3. As the transverse process of the pterygoid is lost, the origin of the lateral portion of the pterygoideus shifts on to the lateral surface of the palatine to form the mammalian medial pterygoid muscle. This view is in conflict with the current view that the reptilian pterygoideus was lost entirely except for a lateral slip claimed to have given rise to the tensor veli palatini; and the hamulus arose either from the lateral edge of the transverse process of the pterygoid or the ectopterygoid. We conclude that the tensor veli palatini was derived from a medial slip- not lateral- of the pterygoideus; and that the lateral slip gave rise to the medial pterygoid.

In a recent letter to Nature, Huttenlocker et al. described a haramiyid mammaliaform which shows a marked reduction of the transverse process and a large hamulus coming off the pterygoid. Presumably in that form there was already a transition of the lateral portion of the pterygoideus to the palatine. Brasilitherium could certainly have formed a tight seal at the fauces, and therefore it’s possible that they suckled already.

This whole region is fundamentally altered in monotremes.

Monotremes have radically changed the fauces region for the breakdown of food. The palatine has grown backwards, separating the hamulus from the pterygoid to form the echidna pterygoid, which remains connected to the soft palate but no longer is involved with tensing it. The tensor veli palatini is lost, and the palatoglossus is either lost or never was present. In addition, a process on the lower jaw supports an enormous posterior mylohyoid.
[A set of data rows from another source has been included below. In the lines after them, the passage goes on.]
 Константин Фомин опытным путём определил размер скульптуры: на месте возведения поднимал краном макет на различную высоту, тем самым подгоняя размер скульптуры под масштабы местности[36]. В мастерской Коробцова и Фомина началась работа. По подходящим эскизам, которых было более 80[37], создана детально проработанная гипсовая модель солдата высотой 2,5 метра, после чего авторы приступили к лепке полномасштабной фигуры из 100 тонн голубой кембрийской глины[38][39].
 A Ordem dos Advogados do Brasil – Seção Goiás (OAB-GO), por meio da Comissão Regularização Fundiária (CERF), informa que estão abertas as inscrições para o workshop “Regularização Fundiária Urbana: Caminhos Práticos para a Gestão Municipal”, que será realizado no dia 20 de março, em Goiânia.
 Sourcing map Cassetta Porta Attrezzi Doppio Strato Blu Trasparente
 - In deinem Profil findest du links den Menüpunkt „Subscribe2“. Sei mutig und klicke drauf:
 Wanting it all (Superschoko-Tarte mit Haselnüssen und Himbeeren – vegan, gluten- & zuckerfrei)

Below is a sagittal section through the fauces region of a platypus hatchling. Keratinous pads grow on both the tongue surface and on the ventral surface below the palatine. The stylohyoid is embedded in the tongue, unlike therians. The mylohyoid is huge. Together the mylohyoid and the stylohyoideus muscle attached to the stylohyoid, elevate the tongue’s keratinous pad to the palate’s for the effective break down of invertebrates. The exoskeletons are shifted laterally to the oral pockets, and what’s left moves into the oropharynx. When it is full, the food is then transported to the esophagus as in therian mammals.
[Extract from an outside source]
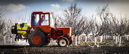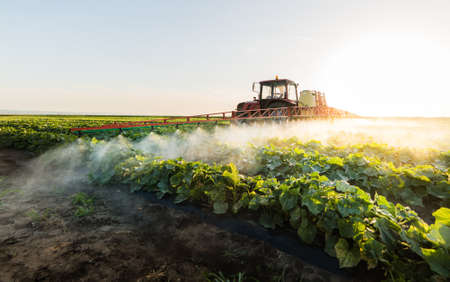 Tractor spraying pesticides on vegetable field with sprayer at spring

In addition to the keratinous pads on the tongue and palate, the extant platypus has given up the classic way of breaking down food with molars, and replaced the molars with horny pads. Below are some scans of a hatchling with teeth (top), that in adults (bottom) are replaced by horny pads.

The effectiveness of the horny pads is augmented by the orientation of the medial pterygoid (see below). Its origin has migrated from the palatine onto the basisphenoid above the palatine. Unilateral activity of the medial pteryoid shifts the lower jaw sideways, enabling the horny pads to break down food.

In conclusion:

1. The reptilian pterygoideus gave rise to the tensor veli palatini and mammalian medial pterygoid.
2. The pterygopalatine ridge gave rise to the pterygoid hamulus.
3. Monotremes changed the whole fauces region for the breakdown of invertebrates, rather than forming a seal.

To make a long story short, monotremes don't suck!